To get the suspense out of the way, the statistics are: First-strike percentage for both batters and pitchers, Plate Discipline stats for pitchers, and Pitch Type stats for batters. The percentage of first strikes tells us, for pitchers, which ones get ahead 0-1 in the count most often; it also counts a ball put in play on the first pitch as a strike. For hitters, we can see which get behind 0-1 the most or least, with plate appearances ending with just one pitch intermingled as well. For instance, did you know that Corey Hart of the Brewers had a 68.9% F-Strike this year? Yeah, over two-thirds of his plate appearances began with him down in the count 0-1, or ended after just one pitch.
On the flipside, Chipper Jones had the lowest F-Strike for a hitter at just 48.3%. Albert Pujols finished at a somewhat distant second with 49.7%. From a pitching standpoint, Barry Zito threw a first-pitch strike just 51.5% of the time, with Edinson Volquez and Oliver Perez finishing close behind. Inversely, Mike Mussina led all of baseball with a 67.6% F-Strike. Close behind him were Ervin Santana, Cliff Lee, Greg Maddux, and Dan Haren, all of which exhibted exemplary control during the 2008 season.

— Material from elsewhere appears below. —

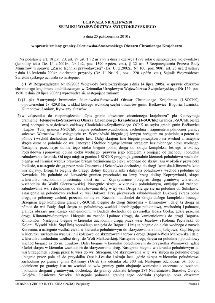 UCHWAŁA NR XLII/762/10 SEJMIKU WOJEWÓDZTWA ŚWIĘTOKRZYSKIEGO z dnia 25 października 2010 r. w sprawie zmiany granicy Jeleniowsko-Staszowskiego Obszaru Chronionego Krajobrazu Na podstawie art. 18 pkt. 20, art. 89 ust. 1 i 2 ustawy z dnia 5 czerwca 1998 roku o samorządzie województwa (jednolity tekst Dz. U. z 2001r., Nr 142, poz. 1590 z późn. zm.), § 32 ust. 3 Rozporządzenia Prezesa Rady Ministrów w sprawie „Zasad techniki prawodawczej” (Dz. U. z 2002r., Nr 100, poz. 908), art. 23 ust. 2 ustawy z dnia 16 kwietnia 2004r. o ochronie przyrody (Dz. U. Nr 151, poz. 1220 z późn. zm.), Sejmik Województwa Świętokrzyskiego uchwala co następuje: § 1. W Rozporządzeniu Nr 89/2005 Wojewody Świętokrzyskiego z dnia 14 lipca 2005r. w sprawie obszarów chronionego krajobrazu opublikowanym w Dzienniku Urzędowym Województwa Świętokrzyskiego (Nr 156, poz. 1950, z dnia 20 lipca 2005r.) wprowadza się następujące zmiany: 1) §1 pkt 9 otrzymuje brzmienie: Jeleniowsko-Staszowski Obszar Chronionego Krajobrazu (J-SOChK), o powierzchni 28 429,8 ha, w skład którego wchodzą części obszarów gmin: Baćkowice, Bogoria, Iwaniska, Klimontów, Łoniów, Rytwiany, Staszów, 2) w załączniku do rozporządzenia „Opis granic obszarów chronionego krajobrazu” pkt 9 otrzymuje brzmienie: Jeleniowsko-Staszowski Obszar Chronionego Krajobrazu (J-SOChK) Granica J-SOChK bierze swój początek w sąsiedztwie enklawy Chmielnicko-Szydłowskiego OChK na styku granic gmin Baćkowice i Łagów. Tutaj granica J-SOChK biegnie południowo-zachodnią, zachodnią i fragmentem północnej granicy sołectwa Wszachów. Po osiągnięciu rz. Wszachówki biegnie jej lewym brzegiem na południe, a potem na północ i wschód dochodząc do skraju lasu. Dalej skrajem lasu biegnie początkowo na wschód a następnie skręca ostro na południe do wsi Janczyce i Stobiec biegnąc lewym brzegiem bezimiennego cieku wodnego. Następnie przecinając dolinę tego cieku biegnie polną drogą do skraju kompleksu leśnego w okolicy Podzaldowa i ponownie doliną cieku wodnego (prawym jego brzegiem ) omijając od zachodu i południa zabudowania Iwanisk. Od tego miejsca granica J-SOChK przyjmuje generalnie kierunek południowo-wschodni biegnąc od Iwanisk wzdłuż prawego brzegu bezimiennego cieku wodnego do skraju lasu w okolicy przysiółka Podlesie, a następnie drogą przez wsie Oporówek i Schabówka dochodząc do drogi Iwaniska-Klimontów koło wsi Kujawy. Drogą tą biegnie do brzegu doliny Koprzywianki i dalej na południowy wschód i południe do Nawodzic. Na południe od Nawodzic granica przechodzi na lewy brzeg doliny Koprzywianki, skręca w kierunku wschodnim przecinając most na rz. Koprzywiance i biegnąc drogą gruntową w kierunku wschodnim do Wólki Gieraszowskiej. Następnie skręca w kierunku południowym, omijając od zachodu zabudowania wsi i dochodząc do skrzyżowania dróg w tej wsi. Drogą kieruje się na południe do Sulisławic, a następnie na południowy zachód ku wsi Bukowa. Przy pierwszych zabudowaniach Bukowej skręca polną drogą na północny zachód, przecina dolinę rz. Kacanki i dochodzi do skraju dużego kompleksu leśnego. Brzegiem tego kompleksu granica J-SOChK biegnie do drogi Smerdyna – Klimontów i dalej tą drogą na północ do wsi Budy skąd skręca na południowy-wschód i przebiegając południową, wschodnią i północną granicą obszaru górniczego kamieniołomu w Budach dochodzi do przysiółka Kozia Górka, gdzie przecina drogę Klimontów-Smerdyna i biegnie na zachód i północ (drogą do kamieniołomu) do drogi BogoriaKlimontów. Następnie biegnie w kierunku zachodnim drogą przez wsie Józefów i Kolonia Pęcławska do Kolonii Wysoki Małe. Stąd linią wysokiego napięcia do Bogorii. Linią tą biegnie do cieku wodnego o nazwie Korzenna, a następnie wzdłuż cieku w kierunku południowym do skrzyżowania z linią kolejową. Stąd biegnie w kierunku zachodnim wzdłuż linii kolejowej do skrzyżowania torów z drogą Bogoria-Wola Małkowska i dalej w kierunku zachodnim wzdłuż drogi do Woli Małkowskiej. Następnie drogą skręca na południe i południowy wschód biegnąc aż do m. Czajków. Dalej biegnie w kierunku południowym do przysiółka Wiśniówka, gdzie z kolei skręca w kierunku wschodnim do skrzyżowania dróg. Następnie biegnie w kierunku południowym do wsi Strzegomek i drogą przez tę wieś do wsi Strzegom. Od skrzyżowania w tej wsi skręca na południe drogą i biegnie przez pola aż do przysiółka Ossala-Lesisko i skraju lasu, gdzie skręca w kierunku południowozachodnim po granicy gmin Rytwiany i Osiek (na odcinku ok. 300 m). Następnie odchodząc ok. 500 m odcinkiem po granicy lasu na wschód od w/w granicy gmin obejmuje wzniesienie otoczone od wschodu i południa drogami gruntowymi, dochodząc do granicy oddziału leśnego 287 Nadleśnictwa Staszów, Obrębu Golejów, Leśnictwa Szczeka. Następnie północną granicą tego oddziału (będącego poza obszarem Id: BNNED-ZBGEO-HJYJY-KJIIZ-CNZDQ. Podpisany Strona 1 chronionym) oraz południowymi granicami oddziałów leśnych 278 i 281 do granicy lasu. Następnie biegnie w kierunku północno-zachodnim po granicy kompleksu leśnego aż do przysiółka Pniaki koło Rytwian; stąd drogą gruntową do przysiółka Poręby i nasypu linii kolejowej do punktu, gdzie przecina linię kolejową na Suchowolę. Stąd biegnie drogą gruntową przez przysiółek Glinki do cieku wodnego bez nazwy wzdłuż tego cieku, koło wsi Bródki przecinając drogę ze Staszowa w kierunku Wiśniowej dochodzi do torów kolejowych. Dalej wzdłuż torów kolejowych do mostu w ciągu drogi Staszów-Bogoria; następnie wzdłuż cieku wodnego do mostu na drodze Staszów-Raków. Tą drogą biegnie na północny zachód do skraju kompleksu leśnego położonego na południe od wsi Wola Osowa i dalej wzdłuż granicy lasu do styku granicy gmin Raków, Szydłów i Bogoria. Stąd granicami gmin Raków i Bogoria, Raków i Iwaniska

The plate discipline stats for pitchers are not what some may think. No, it isn’t hitting stats for pitchers, explaining how often Joe Blanton swung at pitches out of the zone. Rather, these include the O-Swing, Z-Swing, etc, stats, but for hitters against pitchers. So, if you go to Joe Blanton‘s page, and find the plate discipline section, you will be able to see how often hitters swung at his pitches in the zone, out of the zone, how often he threw in the zone, how often did hitters make contact on his pitches, and more along those lines.

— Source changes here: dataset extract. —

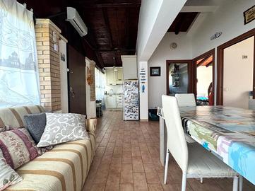 La soluzione descritta è posta su un piano rialzato e si sviluppa su un unico livello. All'interno la casa dispone di un accogliente soggiorno, un angolo cottura, due camere da letto matrimoniali ed un bagno completo di box doccia e finestra. Gli spazi sono ottimizzati e ben disposti. Inoltre sono presenti climatizzatori per il condizionamento dell'aria.

This is an amazing addition to the site, and something I will delve into much more next week, but as an appetizer, I will say that Daniel Cabrera, by far had the lowest percentage of swings at pitches outside of the zone. Jake Peavy, however, induced the highest percentage of such swings. In fact, here’s an interesting nugget: Peavy led the league with a 32.4% O-Swing, and threw just 47.6% of his pitches in the zone. Meanwhile, Barry Zito, who had the lowest F-Strike%, threw a league-low 47.2% of his pitches in the zone, but only induced 26% swings on those pitches. Essentially, while both he and Peavy threw the same amount of pitches in and out of the strike zone, Zito could not get as many hitters to swing, which amounts to a large difference in strikeouts and walks.

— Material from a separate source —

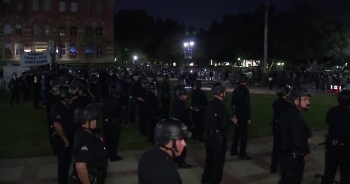 เจ้าหน้าที่รักษากฎหมายระดมกำลังกันเป็นจำนวนหลายร้อยคนในบริเวณมหาวิทยาลัยแคลิฟอร์เนียในลอสแอนเจลิส หรือ ยูซีแอลเอ เมื่อช่วงค่ำในคืนวันพุธ เพื่อเตรียมการสำหรับการสลายการชุมนุม

The other addition is pitch type stats for hitters. Haven’t you ever wondered what percentage of pitches certain hitters see in a given year? I know I have. Countless times this year I wondered what percentage of fastballs Ryan Howard saw, given that he really cannot hit anything else. Well, with the additions here, I know now he saw 51.2% fastballs in 2008, the fourth lowest percentage in the sport. Hunter Pence, at 49.8%, actually saw the lowest percentage, with Dan Uggla, Aubrey Huff, Ryan Howard, and Geovany Soto close behind. Basically, this bottom five consists of sluggers who struggle with breaking pitches, and therefore see a wide array of such pitches.
Click the leaderboard again, to sort by descending order, and we get: Gregor Blanco (70.5%), Jason Kendall (70.0%), Chone Figgins (69.1%), Placido Polanco (68.1%), Willy Taveras (68.0%). Pretty much the opposite group, as these guys are by no means whatsoever power threats, but five hitters who rarely strike out. Moving further, we can also take a look at the average velocities these hitters faced.
Did you know that the AL East had a very high average fastball? It must have, since Kevin Youkilis led the league with a 91.8 mph heater faced, while Manny Ramirez, Alex Rodriguez, Dustin Pedroia, and Jacoby Ellsbury all found themselves in the top five. Reverse the list and we see that Chone Figgins, who saw one of the highest percentages of fastballs, led the league by seeing the slowest average fastball, at just 90.1%. I’m sure myself and my colleagues here will be using these stats much more moving forward, but hopefully this serves as a nice introduction to the new types of information now accessible.